* GIVEN RECORDS *
^^^^^^^^^^^^^^^^
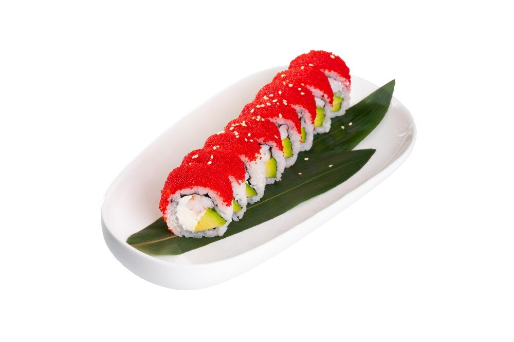 Креветка , огурец , авокадо, сыр творожный, рис, нори, икра тобико
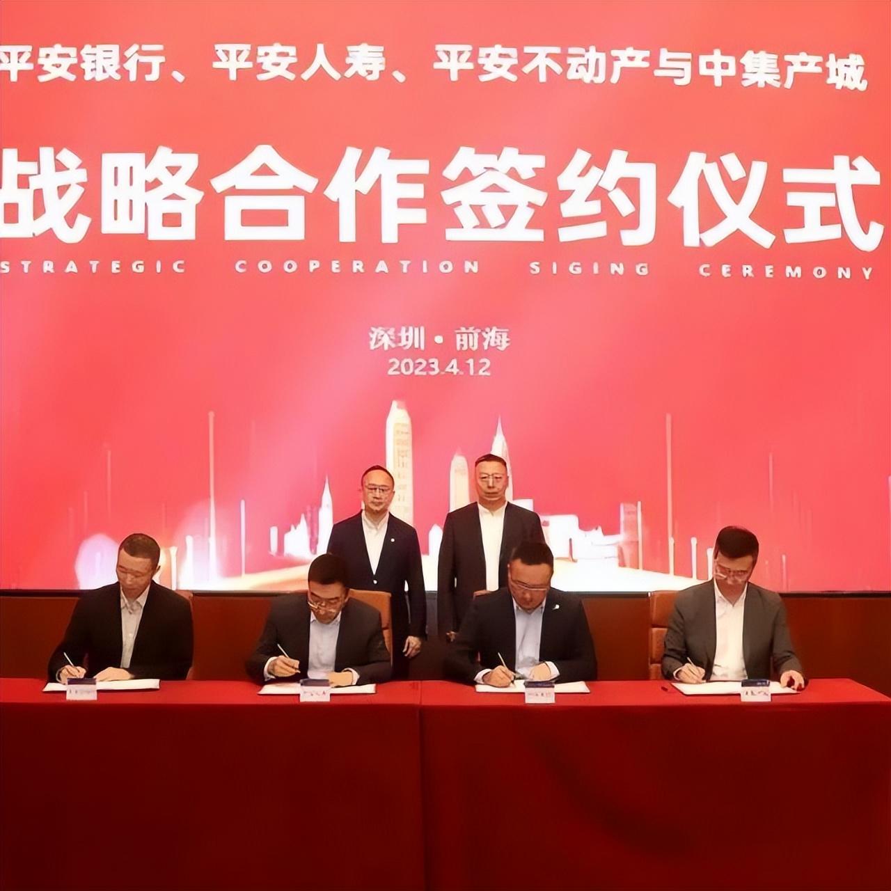 4月12日,平安银行股份有限公司(以下简称“平安银行”)、中国平安人寿保险股份有限公司(以下简称“平安人寿”)、平安不动产有限公司(以下简称“平安不动产”)与深圳市中集产城发展集团有限公司(以下简称“中集产城”)战略合作框架协议签约仪式在深圳中集·企业家交流中心隆重举行。
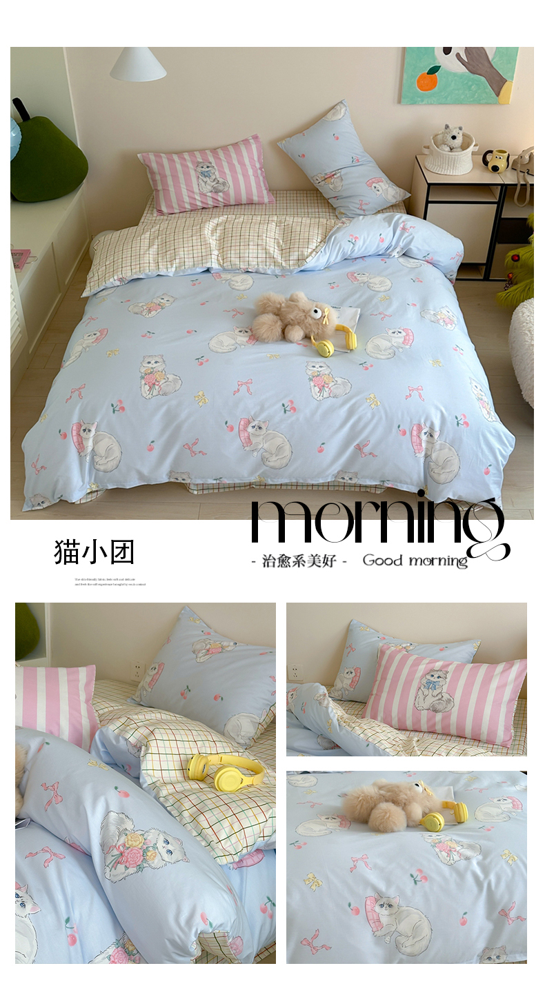 2024新款40支13372全棉数码大版趣味系列四件套 猫小团
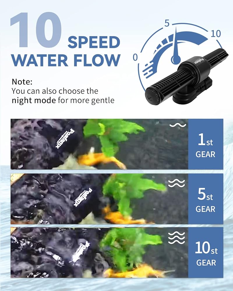 [وحدة تحكم LED ذكية] يأتي صانع موجات حوض السمك مع وحدة تحكم LED، ويمكن تعديل 7 أنواع مختلفة من التدفق لمحاكاة بيئة المعيشة الطبيعية، مما يجعل مخلوقاتك المائية مليئة بالطاقة. وضع الفجوة، وضع التيار المستمر، وضع المد والجزر، وضع الاضطراب، وضع الدورة الدموية، وضع الربط والوضع الليلي.
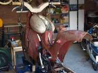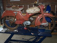80500011513 inlusief carburateur. Encarwi carburateur Bel DKW , 3 versnellingshandel cranks. 2 weken later in Duitsland een complete voorvork gekocht. Op de andere vork was gelast .. |
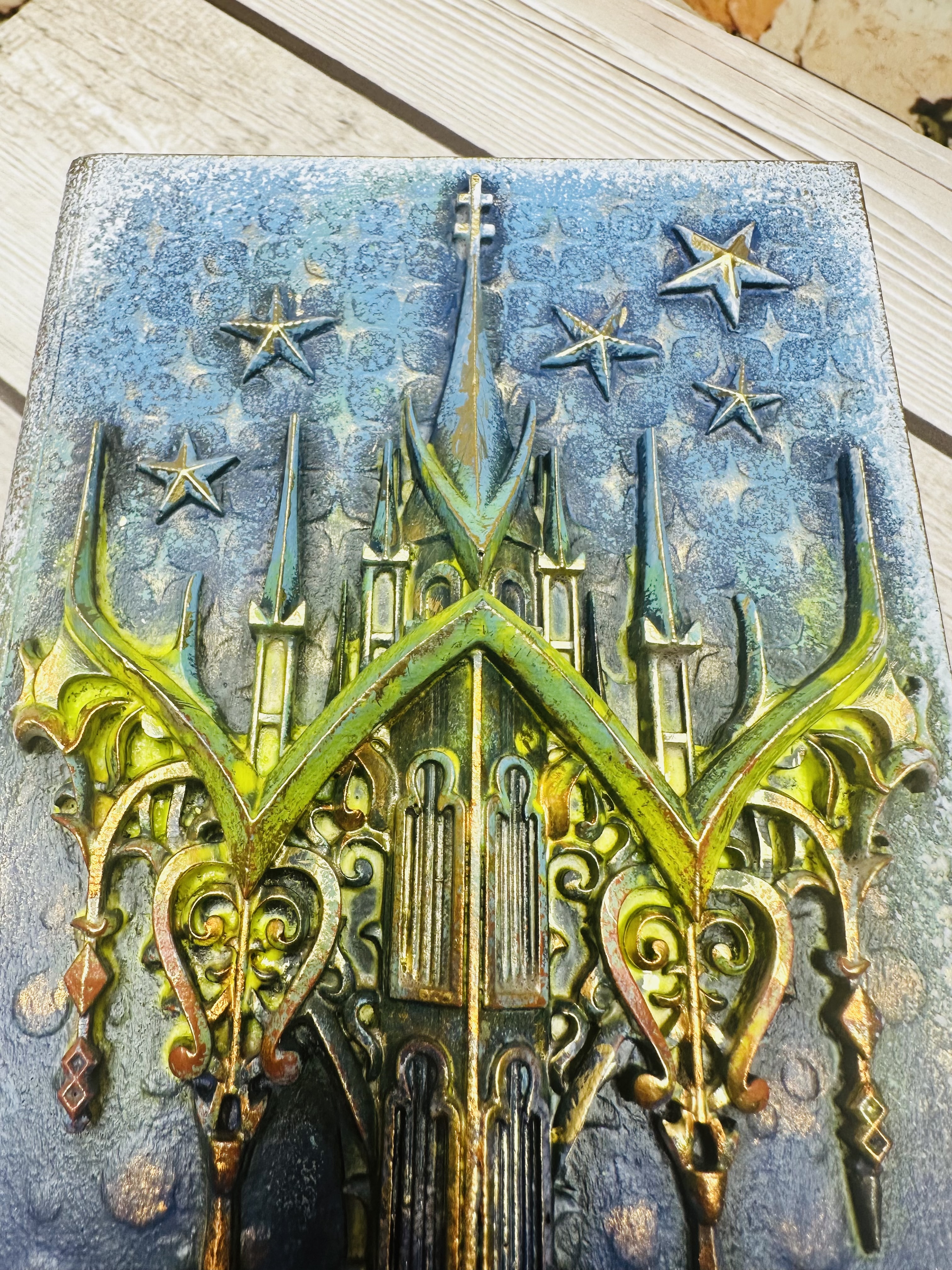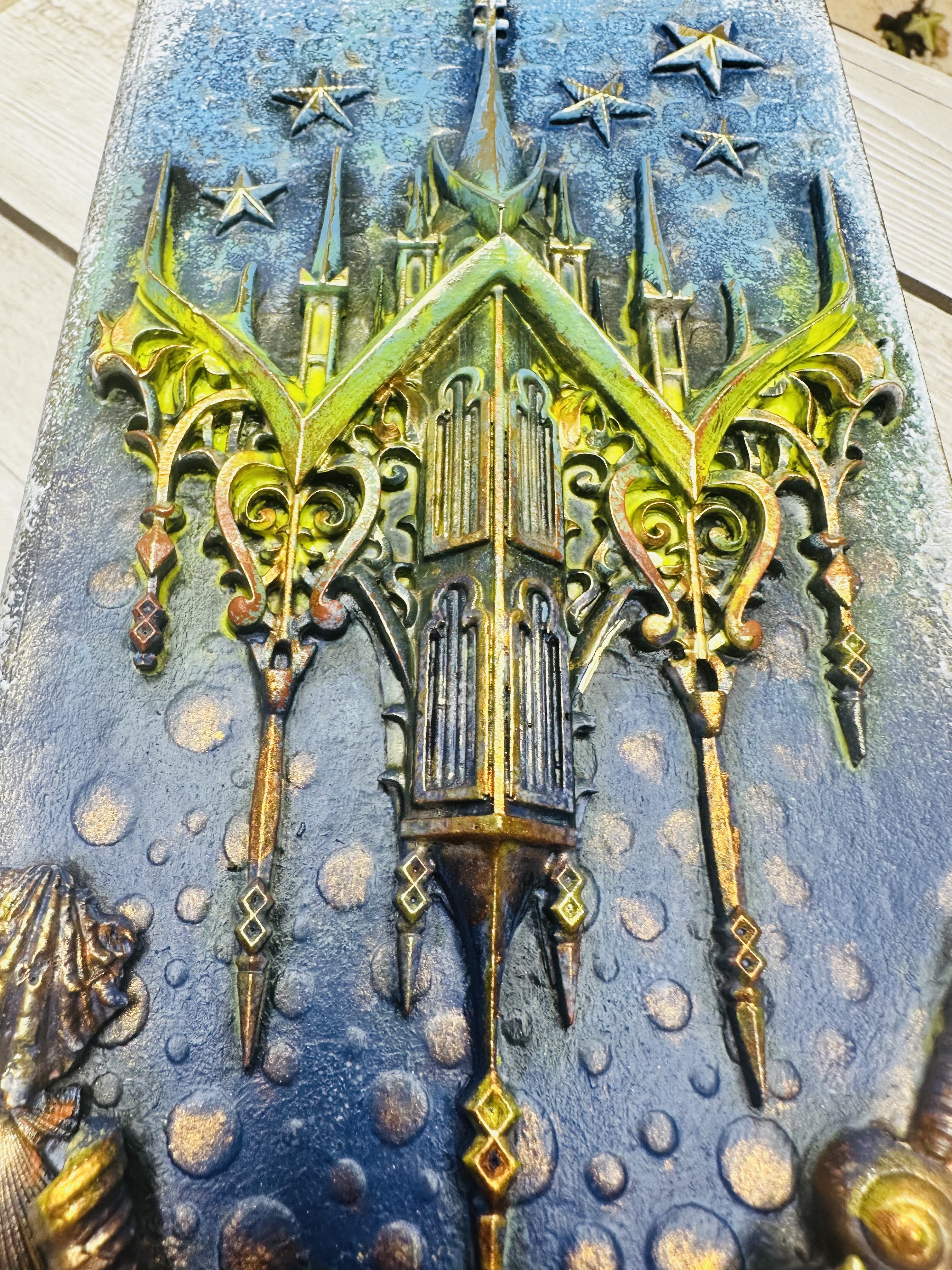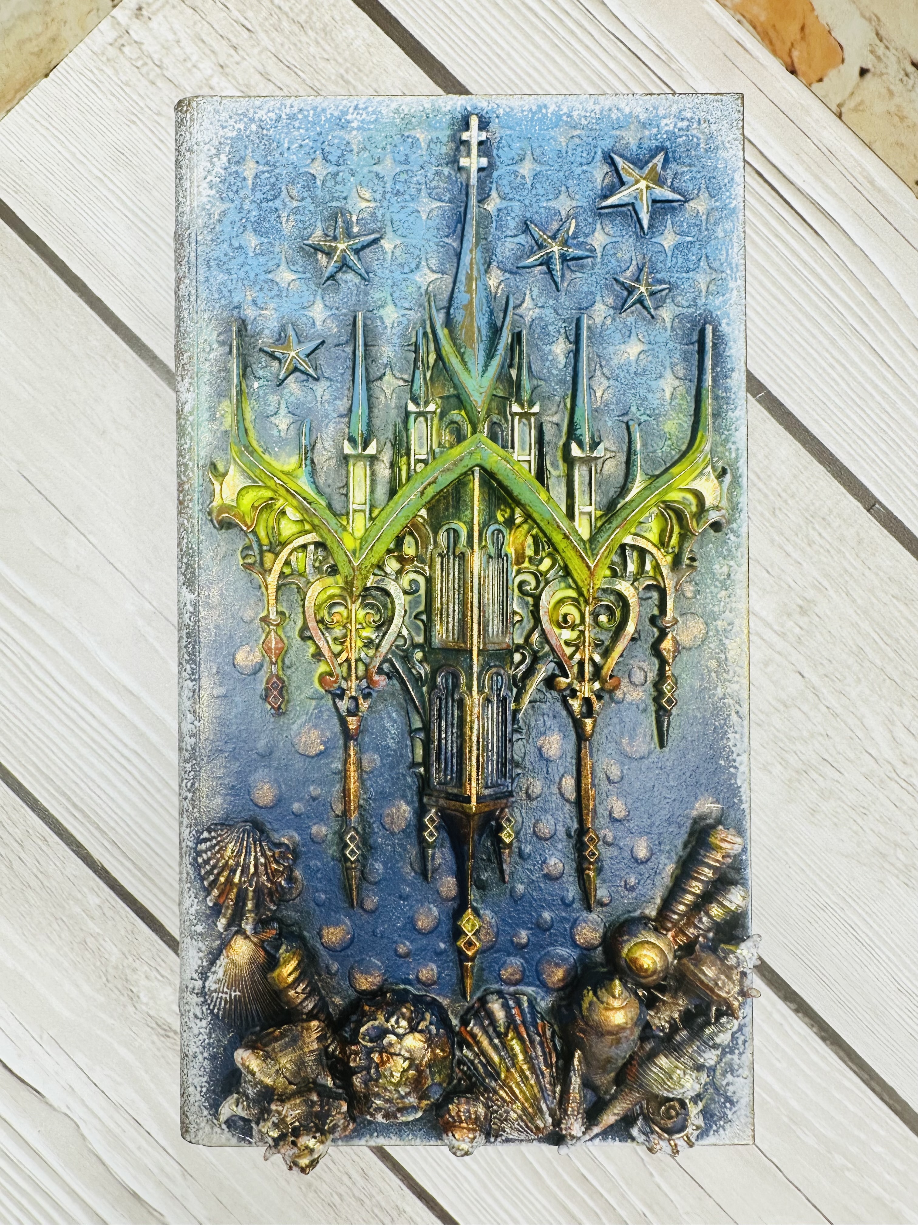 Эксклюзивная шкатулка ручной работы в оригинальном дизайне Mix Media. В форме книги с живописной композицией подводных глубин и небесных просторов. Материал — экологичный МДФ, декорирован натуральной моделью из ракушек, художественной пастой, воском и акриловыми красками. Надежное хранение ювелирных изделий, сувениров и ценных мелочей. Прекрасный подарок для женщин, стремящихся подчеркнуть индивидуальность своего пространства. Добавьте нотки волшебства и стиля вашему интерьеру вместе с шкатулкой "Айсберг".
^^^^^^^^^^^^^^^^
* WORK TASK *
Nothing but the lines from the first line of the records above to the line with "2024新款40支13372全棉数码大版趣味系列四件套 猫小团", inclusive, should be transcribed exactly, and the pictures must be left out.

* WRITTEN SOLUTION *
 Креветка , огурец , авокадо, сыр творожный, рис, нори, икра тобико
 4月12日,平安银行股份有限公司(以下简称“平安银行”)、中国平安人寿保险股份有限公司(以下简称“平安人寿”)、平安不动产有限公司(以下简称“平安不动产”)与深圳市中集产城发展集团有限公司(以下简称“中集产城”)战略合作框架协议签约仪式在深圳中集·企业家交流中心隆重举行。
 2024新款40支13372全棉数码大版趣味系列四件套 猫小团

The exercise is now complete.